Until today, when – ever hopeful – I went to put another food preservation project (fermentation) into my cool dark place and ran into my old friend the nocino container. Doh. I realized I was supposed to strain it like two weeks ago. So I strained it out. Here’s a photo of the solids, they were beautifully shiny and black and looked very Halloweeny:
Of course I also tasted it. But of course! And it seemed . . . fine. I’m refraining from judgment. I compared it with the sample I received from the MFP course, and mine was stronger, harsher. But hey, the MFP sample has been sitting around for a long time, maybe a year or more. It’s a wise old brew. My nocino is in its infancy. A wee babe. The Baby Huey of liqueurs – and made with old-ass nuts past their prime.
Both of the recipes I consulted said that the nocino should sit for a couple months to mellow – so mine is on track for the Holidays. Maybe this might all work out. Maybe I’ll have a homemade gift to give this year. Maybe I’ll be ringing in the New Year with some nocino. Here’s hoping!
Some notes: (1) don’t wear clothes you care about when you are making this recipe. These walnuts are crazy-staining. (2) Wear gloves – ones that nothing can soak through – and still be prepared to have your fingers stained afterwards.

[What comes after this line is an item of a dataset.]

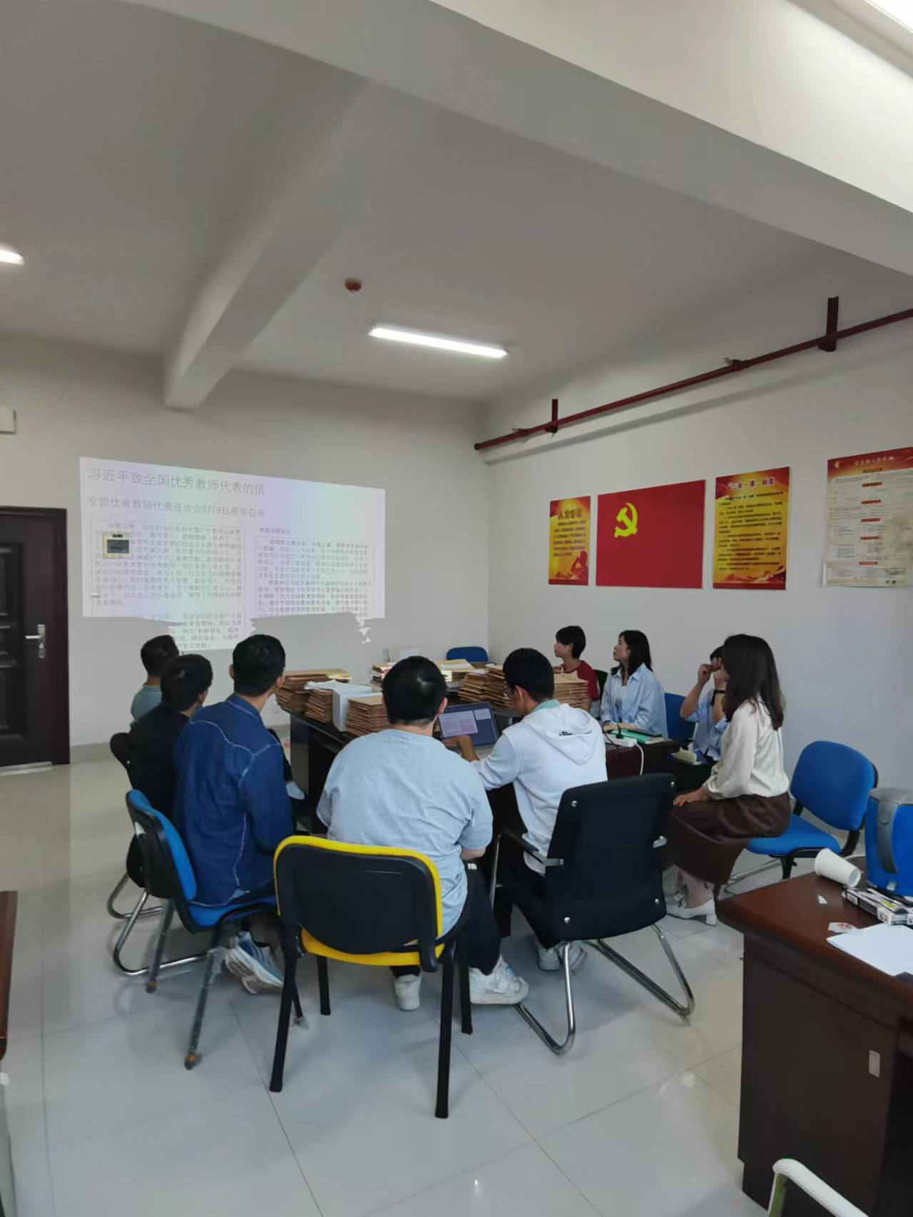 其后,支部书记秦伟带领大家共同学习了习近平总书记致全国优秀教师代表的信以及在东北大学建校百年之际给东北大学师生的回信。大家一致表示,作为一名高校教师,一定要认真学习落实习近平总书记相关致信回信件精神,以优秀教师为榜样,牢记为党育人、为国育才的初心使命,树立“躬耕教坛、强国有我”的志向和抱负,为强国建设、民族复兴伟业作出新的更大贡献。

I wore gloves and my fingers were still stained a week later. (3) Here is a tip from David Lebovitz which saved my life: use a cleaver, tap it into the skin of the green walnut, then lift the cleaver and whack it down on the cutting board to split it (I used the same technique with a butcher knife, and it worked).

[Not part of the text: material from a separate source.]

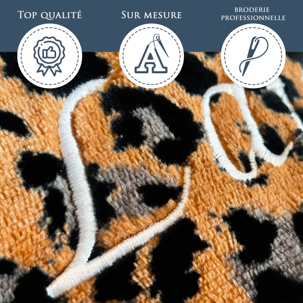 Offrez à votre proche cette couverture à capuche léopard à personnaliser avec le prénom de votre choix. C'est le peignoir idéal pour les frileux grâce à l'intérieure en sherpa pour un maintien optimal de la chaleur. Ce sweat-shirt polaire possède une grande poche pour garder vos mains au chaud ainsi qu'une capuche. Matière polaire ultra doux !

60 walnuts, washed, dried and chopped/smashed into quarters or halves
5 cups sugar
2 liters vodka
4 sticks cinnamon
20 whole cloves
zest of two lemons, peeled off in long pieces with a vegetable peeler one vanilla bean, sliced lengthwise
1. Place the walnuts into a large container with a tight-fitting lid and pour the vodka over and be very psyched that you actually did this thing. Now go clean up the mess from the chopping/smashing.

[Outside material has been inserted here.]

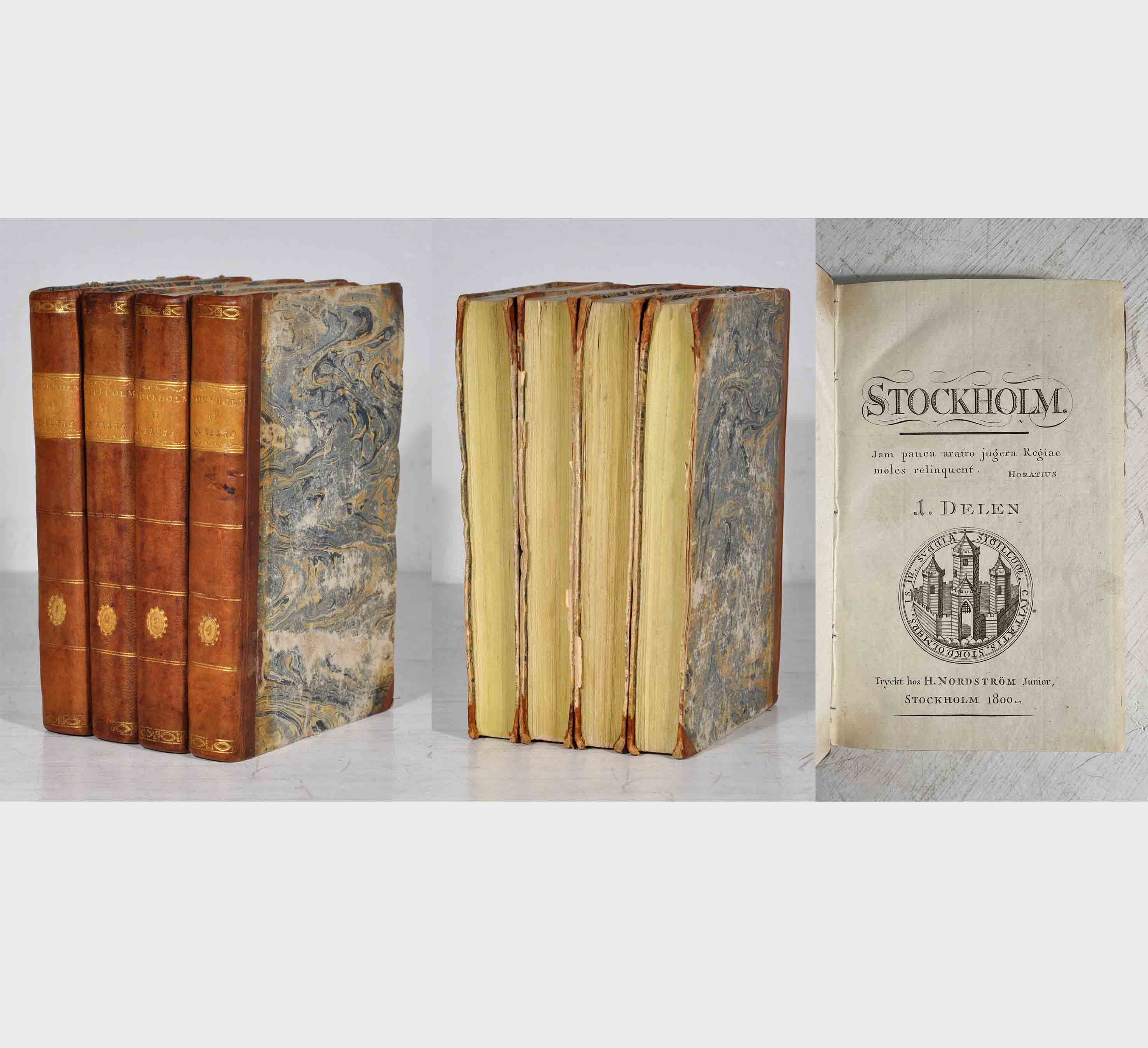 Sthlm, H. Nordström junior, 1800-01. 8:o. Grav. titelblad,(16),378,(13) s. + grav. titelblad,(4),382,(17) s. + grav. titelblad,(6),382,(1,1 blank,20) s. + grav. titelblad,(4),387,(13) s. Fyra samtida obetydligt nötta marmorerade hfrbd med guldornerade ryggar, olivgröna titeletiketter och ovala olivgröna nummerskyltar. Gula snitt. Lite flammiga ryggar och stötta pärmhörn. Den sista volymen med några små repor och svarta stänk i ett av ryggfälten samt mer nötta pärmpapper. Ett fåtal små lagerfläckar, t.ex. i början av del III. Bra svit. Bygdén Landskapet Uplands och Stockholms stad s. 53. Setterwall Svensk historisk bibliografi 5968. Akrell Stockholmiana 852-855. Författaren och kulturhistorikern Johan Elers huvudarbete. Elers (1730-1813) hade redan 1792 påbörjat sitt arbete om Stockholms historia och länge försökt att värva även andra skribenter till ett samarbete. Så skedde emellertid inte och den väldiga uppgiften utfördes av Elers ensam – i ett brev till vännen och samlaren Samuel Älf 1798 skriver Elers att ”Stockholms historia är min dageliga ockupation”. ”Svenskt biografiskt lexikon” skriver om verket att tyngdpunkten ”lagts på de topografiska förhållandena, men vidsträckt utrymme ägnas också åt folkmängd, förvaltning, historiska händelser och institutionshistoria”. Elers byggde i stor utsträckning sin skildring på otryckt material från exempelvis Riksarkivet, Stadsarkivet och Kammarkollegiet.

2. Wait two days and then realize you forgot to add the other tasty ingredients. Add all the ingredients except the sugar. Stir well.
3. Wait two more days and then realize you forgot the sugar. Geez. Add the sugar and stir well. Put nocino in a cool, dark place.
4. Wait two months. Find the nocino. Strain it through a cheesecloth to remove the sediment (especially if you used the smashing technique). Then decant into clean and sterilized bottles. I understand that nocino mellows as it sits, so don’t drink this right away if you think it’s too strong or bitter. Decant it and then let it rest a couple months before using it.
5. Put June 24 into your calendar for harvesting green walnuts next year.